== Work instructions ==
Below is a listing. Return the lines from the one that contains "曹阳老师说,要泡出好喝的茶,好茶、好水、" to the one that contains "1. Mettre les", both ends included, verbatim and with no pictures.

== Material supplied ==
++++++++++

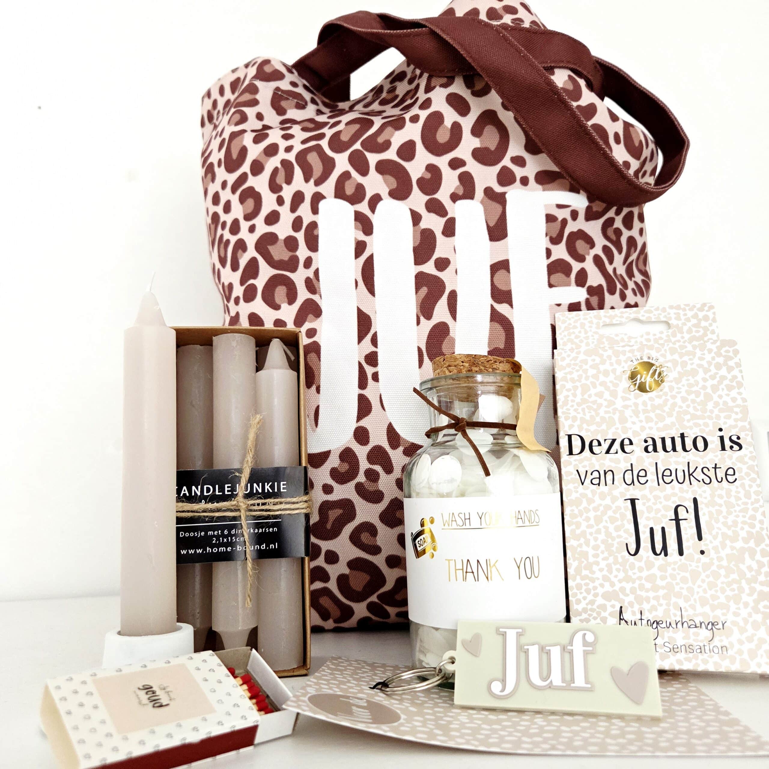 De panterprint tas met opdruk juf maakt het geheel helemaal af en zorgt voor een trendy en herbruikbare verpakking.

++++++++++

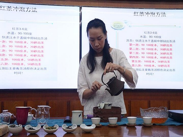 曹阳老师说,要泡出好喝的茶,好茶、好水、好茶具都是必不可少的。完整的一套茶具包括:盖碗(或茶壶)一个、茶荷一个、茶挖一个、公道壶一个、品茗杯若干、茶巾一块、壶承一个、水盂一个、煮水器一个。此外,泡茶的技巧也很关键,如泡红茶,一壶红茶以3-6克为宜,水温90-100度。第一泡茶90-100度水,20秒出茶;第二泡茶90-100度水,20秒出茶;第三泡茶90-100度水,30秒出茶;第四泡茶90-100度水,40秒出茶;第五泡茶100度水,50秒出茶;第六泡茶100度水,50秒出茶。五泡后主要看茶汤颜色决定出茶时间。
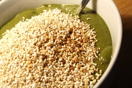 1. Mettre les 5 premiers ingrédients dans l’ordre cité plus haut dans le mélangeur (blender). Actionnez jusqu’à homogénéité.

++++++++++

== Result for this task ==
 曹阳老师说,要泡出好喝的茶,好茶、好水、好茶具都是必不可少的。完整的一套茶具包括:盖碗(或茶壶)一个、茶荷一个、茶挖一个、公道壶一个、品茗杯若干、茶巾一块、壶承一个、水盂一个、煮水器一个。此外,泡茶的技巧也很关键,如泡红茶,一壶红茶以3-6克为宜,水温90-100度。第一泡茶90-100度水,20秒出茶;第二泡茶90-100度水,20秒出茶;第三泡茶90-100度水,30秒出茶;第四泡茶90-100度水,40秒出茶;第五泡茶100度水,50秒出茶;第六泡茶100度水,50秒出茶。五泡后主要看茶汤颜色决定出茶时间。
 1. Mettre les 5 premiers ingrédients dans l’ordre cité plus haut dans le mélangeur (blender). Actionnez jusqu’à homogénéité.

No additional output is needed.